Data to examine —
________________________________________

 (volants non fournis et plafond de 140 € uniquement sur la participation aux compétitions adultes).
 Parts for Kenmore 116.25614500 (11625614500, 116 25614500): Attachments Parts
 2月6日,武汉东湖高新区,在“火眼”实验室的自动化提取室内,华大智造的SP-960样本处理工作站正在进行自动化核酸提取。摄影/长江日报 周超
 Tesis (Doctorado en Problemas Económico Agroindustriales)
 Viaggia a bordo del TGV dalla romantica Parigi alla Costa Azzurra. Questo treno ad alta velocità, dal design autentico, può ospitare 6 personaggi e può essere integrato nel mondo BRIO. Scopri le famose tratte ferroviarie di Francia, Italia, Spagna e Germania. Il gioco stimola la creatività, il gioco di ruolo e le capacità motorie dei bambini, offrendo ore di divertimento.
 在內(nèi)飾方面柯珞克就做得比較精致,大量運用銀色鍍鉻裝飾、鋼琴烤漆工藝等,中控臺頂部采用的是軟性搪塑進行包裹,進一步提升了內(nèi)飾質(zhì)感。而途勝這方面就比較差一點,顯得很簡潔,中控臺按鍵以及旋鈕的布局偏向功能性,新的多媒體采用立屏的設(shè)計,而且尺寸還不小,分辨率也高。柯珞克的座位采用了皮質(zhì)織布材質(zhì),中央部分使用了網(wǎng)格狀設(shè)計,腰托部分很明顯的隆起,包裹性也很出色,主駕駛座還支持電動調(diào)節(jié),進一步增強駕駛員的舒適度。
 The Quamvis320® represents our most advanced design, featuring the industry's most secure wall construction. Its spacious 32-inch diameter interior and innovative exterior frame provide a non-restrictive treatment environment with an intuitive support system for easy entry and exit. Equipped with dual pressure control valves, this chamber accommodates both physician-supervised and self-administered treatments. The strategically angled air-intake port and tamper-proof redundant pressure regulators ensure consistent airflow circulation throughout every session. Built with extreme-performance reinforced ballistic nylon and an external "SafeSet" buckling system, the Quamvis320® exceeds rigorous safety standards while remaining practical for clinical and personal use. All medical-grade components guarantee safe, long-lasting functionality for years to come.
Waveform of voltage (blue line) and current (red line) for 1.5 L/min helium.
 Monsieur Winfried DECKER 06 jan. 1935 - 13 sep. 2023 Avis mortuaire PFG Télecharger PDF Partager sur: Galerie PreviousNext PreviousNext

________________________________________

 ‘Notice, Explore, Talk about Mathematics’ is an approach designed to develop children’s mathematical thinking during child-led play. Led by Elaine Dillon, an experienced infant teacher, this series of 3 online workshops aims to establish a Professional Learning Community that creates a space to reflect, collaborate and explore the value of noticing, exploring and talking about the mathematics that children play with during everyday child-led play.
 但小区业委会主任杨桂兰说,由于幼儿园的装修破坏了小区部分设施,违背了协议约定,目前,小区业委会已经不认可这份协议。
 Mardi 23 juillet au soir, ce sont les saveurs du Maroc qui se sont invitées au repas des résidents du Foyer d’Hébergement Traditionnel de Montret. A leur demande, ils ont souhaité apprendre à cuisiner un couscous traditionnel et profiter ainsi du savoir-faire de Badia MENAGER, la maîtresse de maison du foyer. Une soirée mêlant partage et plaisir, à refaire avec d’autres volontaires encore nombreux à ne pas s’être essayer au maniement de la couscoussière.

________________________________________

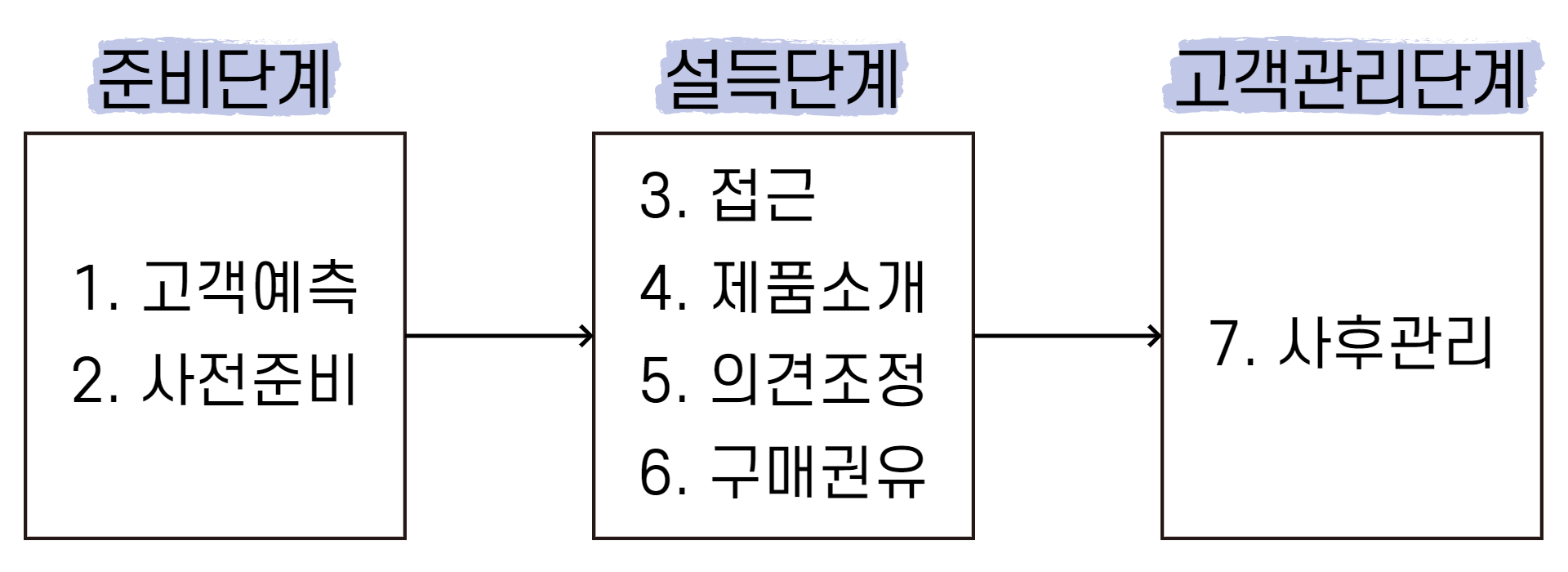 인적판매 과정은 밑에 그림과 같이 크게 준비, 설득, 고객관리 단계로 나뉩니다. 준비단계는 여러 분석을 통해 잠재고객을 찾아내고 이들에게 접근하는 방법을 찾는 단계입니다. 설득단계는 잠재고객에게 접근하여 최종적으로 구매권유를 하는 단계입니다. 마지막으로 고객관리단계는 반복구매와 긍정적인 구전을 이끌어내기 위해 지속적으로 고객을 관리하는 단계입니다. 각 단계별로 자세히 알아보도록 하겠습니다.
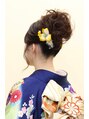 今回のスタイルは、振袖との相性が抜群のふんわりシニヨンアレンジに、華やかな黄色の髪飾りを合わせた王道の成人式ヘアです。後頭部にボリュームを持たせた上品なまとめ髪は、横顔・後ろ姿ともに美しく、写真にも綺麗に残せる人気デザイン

________________________________________

Exercise prompt — Copy out the lines above exactly, beginning at the one that contains "Tesis (Doctorado en" and ending at the one that contains "在內(nèi)飾方面柯珞克就".

Solution —
 Tesis (Doctorado en Problemas Económico Agroindustriales)
 Viaggia a bordo del TGV dalla romantica Parigi alla Costa Azzurra. Questo treno ad alta velocità, dal design autentico, può ospitare 6 personaggi e può essere integrato nel mondo BRIO. Scopri le famose tratte ferroviarie di Francia, Italia, Spagna e Germania. Il gioco stimola la creatività, il gioco di ruolo e le capacità motorie dei bambini, offrendo ore di divertimento.
 在內(nèi)飾方面柯珞克就做得比較精致,大量運用銀色鍍鉻裝飾、鋼琴烤漆工藝等,中控臺頂部采用的是軟性搪塑進行包裹,進一步提升了內(nèi)飾質(zhì)感。而途勝這方面就比較差一點,顯得很簡潔,中控臺按鍵以及旋鈕的布局偏向功能性,新的多媒體采用立屏的設(shè)計,而且尺寸還不小,分辨率也高。柯珞克的座位采用了皮質(zhì)織布材質(zhì),中央部分使用了網(wǎng)格狀設(shè)計,腰托部分很明顯的隆起,包裹性也很出色,主駕駛座還支持電動調(diào)節(jié),進一步增強駕駛員的舒適度。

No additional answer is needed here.